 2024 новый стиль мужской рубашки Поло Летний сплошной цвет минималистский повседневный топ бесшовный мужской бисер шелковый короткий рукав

══════════

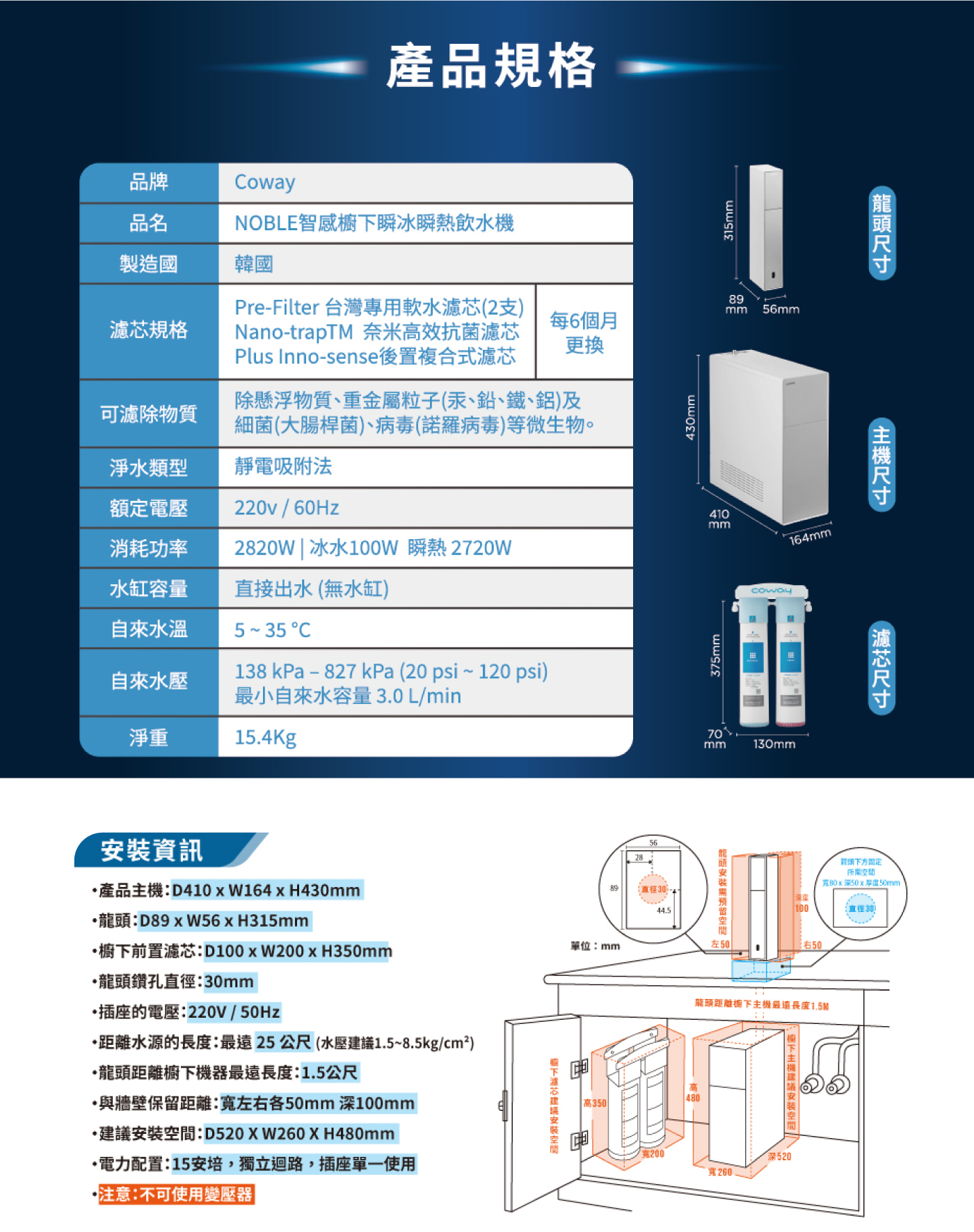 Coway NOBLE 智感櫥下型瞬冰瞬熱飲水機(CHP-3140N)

══════════

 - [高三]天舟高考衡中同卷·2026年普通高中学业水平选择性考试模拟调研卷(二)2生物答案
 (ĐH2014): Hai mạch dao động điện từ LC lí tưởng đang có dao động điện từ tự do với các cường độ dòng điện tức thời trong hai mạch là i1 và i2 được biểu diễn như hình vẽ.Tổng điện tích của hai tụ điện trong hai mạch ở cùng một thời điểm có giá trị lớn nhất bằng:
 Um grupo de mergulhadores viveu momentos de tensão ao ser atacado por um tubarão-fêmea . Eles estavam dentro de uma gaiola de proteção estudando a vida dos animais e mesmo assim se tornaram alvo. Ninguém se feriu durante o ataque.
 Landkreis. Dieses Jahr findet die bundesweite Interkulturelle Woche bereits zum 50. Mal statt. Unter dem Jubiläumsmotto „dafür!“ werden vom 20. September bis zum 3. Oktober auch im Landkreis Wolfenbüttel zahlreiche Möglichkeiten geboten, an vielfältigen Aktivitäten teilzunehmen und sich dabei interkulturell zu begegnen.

══════════

▶ **TASK PROMPT**
In the listing above, find the line with "Um grupo de" and the line with "Landkreis. Dieses Jahr", then print exactly those lines and every line between them.

▶ **ANSWER**
 Um grupo de mergulhadores viveu momentos de tensão ao ser atacado por um tubarão-fêmea . Eles estavam dentro de uma gaiola de proteção estudando a vida dos animais e mesmo assim se tornaram alvo. Ninguém se feriu durante o ataque.
 Landkreis. Dieses Jahr findet die bundesweite Interkulturelle Woche bereits zum 50. Mal statt. Unter dem Jubiläumsmotto „dafür!“ werden vom 20. September bis zum 3. Oktober auch im Landkreis Wolfenbüttel zahlreiche Möglichkeiten geboten, an vielfältigen Aktivitäten teilzunehmen und sich dabei interkulturell zu begegnen.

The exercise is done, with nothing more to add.